Phase 3: Model Sweep
Neo then swept model choices while keeping the optimized agent fixed. That separated agent quality from model quality and made the cost comparison meaningful.
All 5 models were evaluated with the same Claude Haiku 4.5 judge, same questions, and same agent configuration. Pricing was fetched live from the OpenRouter /models API at evaluation time so the cost numbers reflected current rates.
Quality scores
| Model | Relevance | Accuracy | Helpfulness | Overall Avg |
|---|---|---|---|---|
| Gemma 4 26B (Google) | 9.00 | 8.67 | 6.50 | 7.88 |
| Mistral Small 3.2 (Mistral AI) | 8.33 | 8.00 | 6.83 | 7.62 |
| Llama 4 Scout (Meta) | 8.50 | 7.33 | 6.83 | 7.46 |
| Gemini 3.1 Flash Lite (baseline ref) | 8.50 | 7.50 | 6.33 | 7.33 |
| Nova Micro v1 (Amazon) | 7.33 | 8.50 | 5.67 | 6.96 |
Gemma 4 26B came out on top with a 7.88 average. It scored highest on relevance (9.0) and accuracy (8.67). The judge consistently noted that Gemma's responses were well-grounded in the retrieved context without unnecessary padding. Mistral Small 3.2 was a close second at 7.62, with the best helpfulness score among all sweep models.
Nova Micro was the weakest on quality at 6.96, though still above the original unoptimized baseline of 6.62. Its helpfulness score dropped back to 5.67, similar to the original baseline. The model tends to give short, accurate-but-terse responses that the judge penalizes for not being actionable enough.

Cost per session
This is where the picture gets interesting. The baseline model costs $0.002043 per session with the optimized agent. Every other model in the sweep costs less than a quarter of that.

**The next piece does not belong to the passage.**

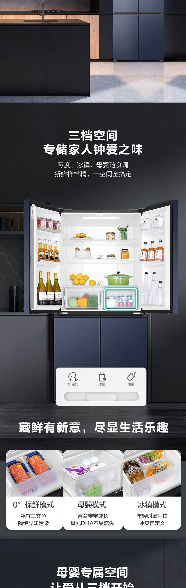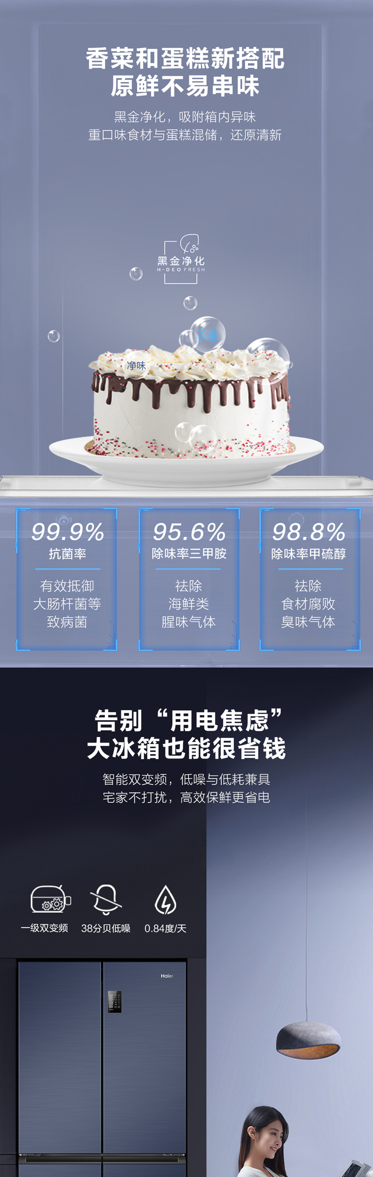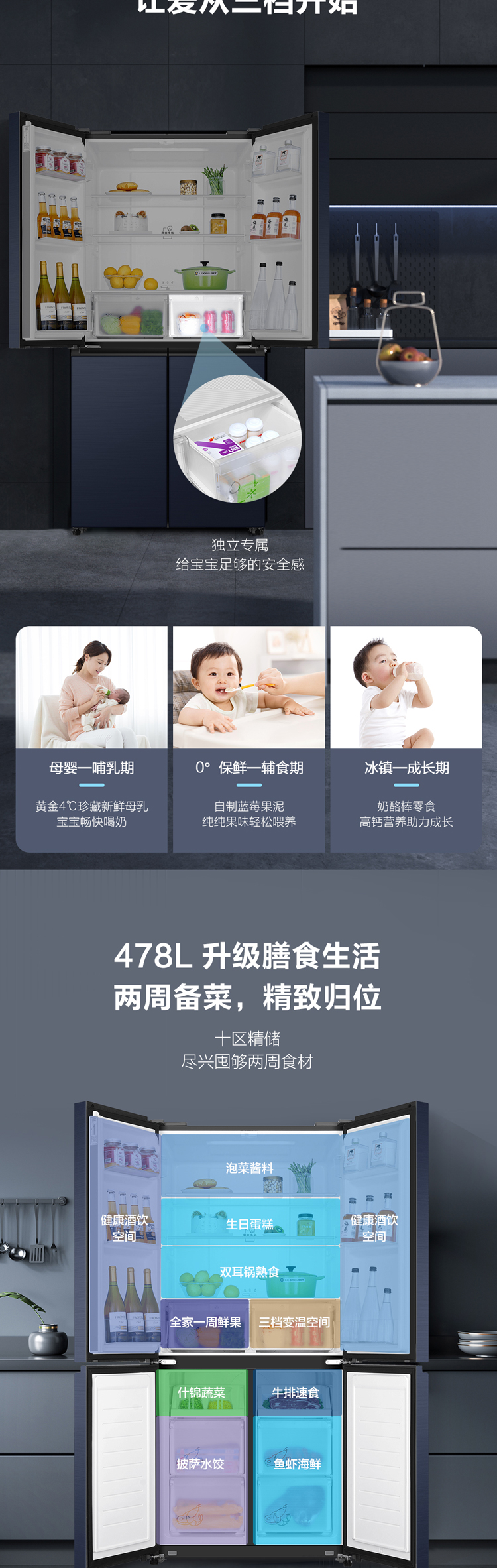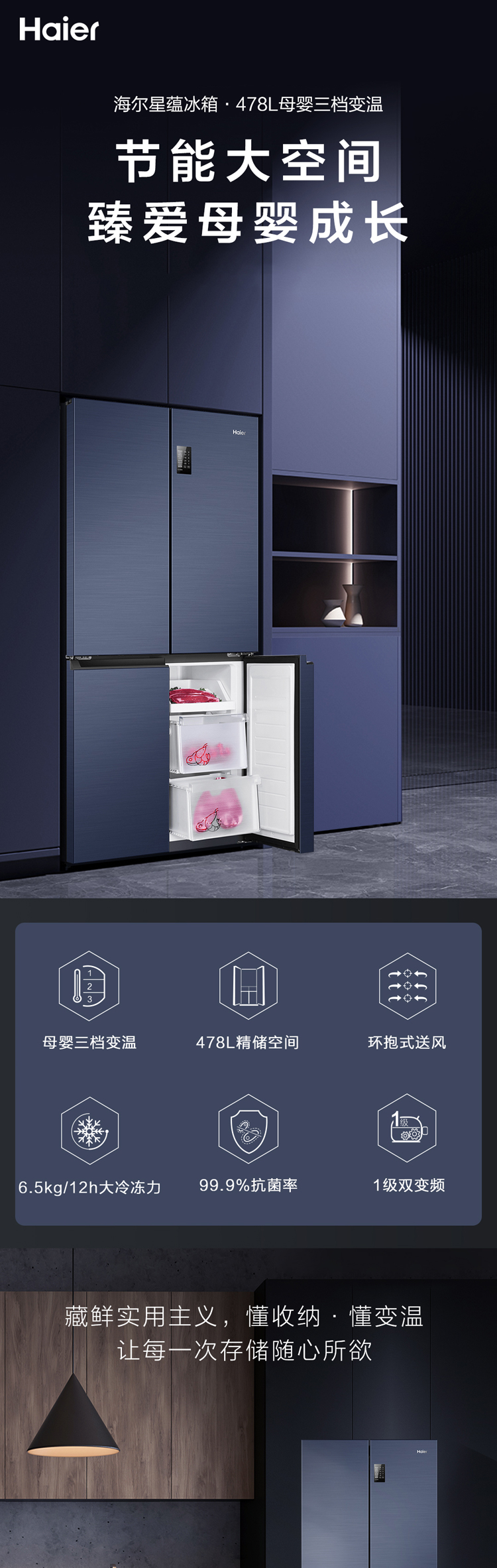 海尔478升 无霜变频 十字对开 四开门 母婴三档变温 黑金净化超薄 冰箱 一级能效 超大容量BCD-478WGHTD5DB9

| Model | Input $/M tokens | Session Cost | vs Baseline Cost | Quality Avg |
|---|---|---|---|---|
| Gemini 3.1 Flash Lite (ref) | $0.25 | $0.002043 | - | 7.33 |
| Nova Micro v1 (Amazon) | $0.035 | $0.000238 | -88% | 6.96 |
| Mistral Small 3.2 | $0.075 | $0.000430 | -79% | 7.62 |
| Llama 4 Scout (Meta) | $0.080 | $0.000472 | -77% | 7.46 |
| Gemma 4 26B (Google) | $0.060 | $0.000509 | -75% | 7.88 |

Quality vs cost: the full picture
Looking at scores alone, Gemma wins. Looking at cost alone, Nova Micro wins. The scatter plot puts both axes together and makes the decision clear.

Gemma 4 26B is the clear winner. It scores higher than the baseline model on quality (7.88 vs 7.33) while costing 75% less per session. There is no tradeoff to make here. It is both better and cheaper.

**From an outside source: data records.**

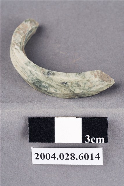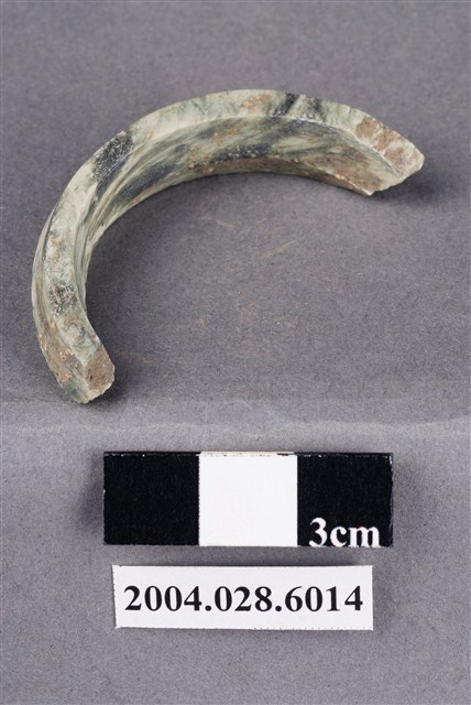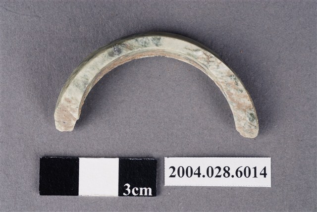 1.本件為花蓮支亞干遺址採集之磨製玉環,已經殘斷,僅存半件,材質為綠色閃玉,長5.1cm、寬2.5cm、厚1cm,器物經圓形旋截加工而成,因此上下兩面較中間窄細,表面僅稍作修整,仍可見旋截痕跡。2.石環常見於臺灣的史前遺址,但出土數量並不多,為史前人類的裝飾品,直接配戴在手上,不僅在日常生活中配戴,也會用來作為陪葬品。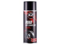 K2 Suchy smar do łańcuchów ROAD - to wysoce wydajny smar, przeznaczony do smarowania łańcuchów oraz zębatek napędowych w motocyklach drogowych. Dzięki właściwościom smarująco-penetrującym, wnika we wszystkie szczeliny, chroniąc łańcuch oraz zębatki przed przedwczesnym zużyciem. Można go stosować we wszystkich typach łańcuchów, x-ring, o-ring, z-ring itp.
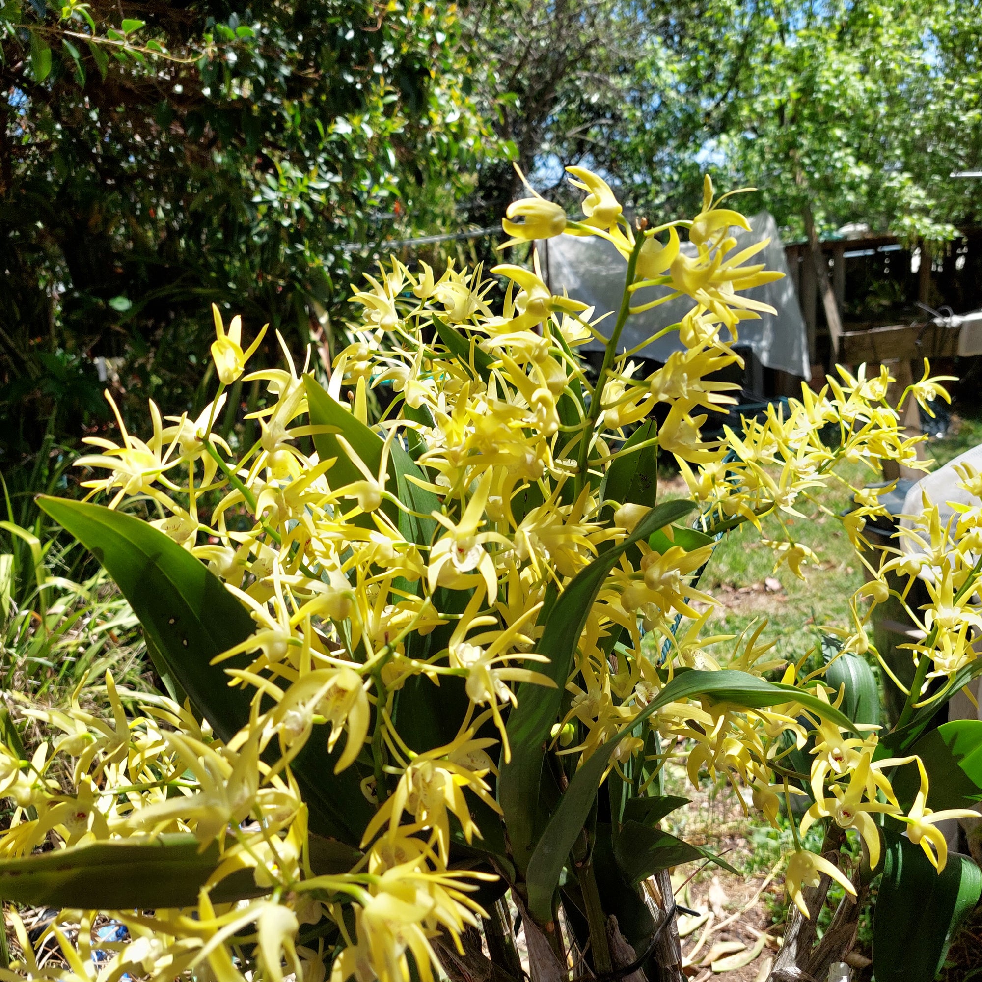 Well spring is now fully here the canola has lost its flowers and seeds are ripening. We had a great flowering season here and we had a few nice surprises, the 2nd pic is Dendrobium speciosum 'Georges River Special' first time its flower for me and yes it is as good as they say, a lovely big flower and highly fragrant. the 3rd pic is Dendrobium Aussie Jester a hybrid between Den,. Autumn and Den. Jesmond Sparkler, I got this baby from AON, a very nice good sized flower with nice straight spikes and the flowers opened fully, the last pic is my favourite, I grow a lot of Dendrobium speciosum Grandiflorums and for that matter speciosums in general, they grow extremely well but the grandis seldom flower, I don't grow them in hot houses just an open bush house, with a winter roof or under a tree canopy, I think our harsh winters definately dont help, but I keep trying. Well this year I had 3 flower, 2 of the Den. spec. Katrina Remakes as per the 4th pic and a Den. spec. Creek Aureum x Katrina, which is sensational, so never lose hope the wait is definately worth it.

If cost is the primary constraint and a slight quality drop is acceptable, Nova Micro at $0.000238 per session is a viable option. At 6.96 average quality it is still above the original unoptimized baseline of 6.62, and the 88% cost reduction is significant at scale.

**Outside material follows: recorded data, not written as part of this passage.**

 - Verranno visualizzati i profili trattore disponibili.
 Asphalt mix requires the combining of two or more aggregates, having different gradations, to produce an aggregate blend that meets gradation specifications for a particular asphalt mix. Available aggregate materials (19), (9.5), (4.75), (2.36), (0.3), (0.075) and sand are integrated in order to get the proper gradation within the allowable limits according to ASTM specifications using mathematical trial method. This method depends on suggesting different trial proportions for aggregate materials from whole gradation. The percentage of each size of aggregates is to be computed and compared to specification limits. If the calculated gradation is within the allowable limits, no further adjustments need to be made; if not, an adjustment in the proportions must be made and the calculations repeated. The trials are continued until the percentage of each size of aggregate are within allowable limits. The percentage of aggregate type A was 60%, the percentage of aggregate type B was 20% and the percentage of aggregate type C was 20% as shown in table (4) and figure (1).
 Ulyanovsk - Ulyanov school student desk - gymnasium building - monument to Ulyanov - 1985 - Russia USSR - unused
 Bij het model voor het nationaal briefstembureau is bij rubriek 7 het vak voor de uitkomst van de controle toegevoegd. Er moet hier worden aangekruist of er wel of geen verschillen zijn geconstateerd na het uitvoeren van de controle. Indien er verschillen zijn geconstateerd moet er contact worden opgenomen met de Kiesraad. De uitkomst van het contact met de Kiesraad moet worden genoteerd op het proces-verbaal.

End-to-end improvement: Starting from the original unoptimized agent at 6.62/10 and $0.002420/session, the optimized agent running Gemma 4 26B delivers 7.88/10 quality (+19%) at $0.000509/session (-79% cost). Both metrics moved in the right direction simultaneously.
What This Exercise Showed
- Measure before you optimize. The team had a vague sense the chatbot was "okay." The judge said helpfulness was 5.67 out of 10. Those are very different starting points. Without a real baseline, any optimization is guesswork and any claimed improvement is unverifiable.
- Retrieval problems look like LLM problems. Turn 1 looked like the model did not know about the company. The actual problem was that zero documents were retrieved. Always check what context the LLM actually received before blaming the generation step.
- Stricter grounding trades helpfulness for accuracy. The system prompt rewrite improved accuracy but hurt helpfulness on knowledge-gap turns. That is a real tradeoff and the right call for a factual support bot, but it needs to be a conscious decision, not a side effect.
- Cheaper models are not worse models. Gemma 4 26B cost 75% less and scored higher. The assumption that the most expensive model is the best model does not hold here. Always sweep before committing to a production model.
- LLM-as-judge is worth the cost. Each evaluation run cost a few cents in Claude Haiku API calls. The judge caught hallucinations, identified retrieval failures, and gave consistent per-turn reasoning that heuristics would have missed entirely.
What to improve next
The system prompt grounding rule caused a helpfulness regression on knowledge-gap turns. A better approach is a two-path response: if the retrieved context answers the question, answer from it; if not, say so clearly and give the user a concrete next step, such as a support email, docs link, or escalation path, rather than just "I don't know." The current agent does the second part inconsistently.
Adding a brief company summary directly into the system prompt would also help. Turn 1-style openers ("what do you do?") would always get a useful response regardless of retrieval quality. That single change would likely push the overall average above 8.0.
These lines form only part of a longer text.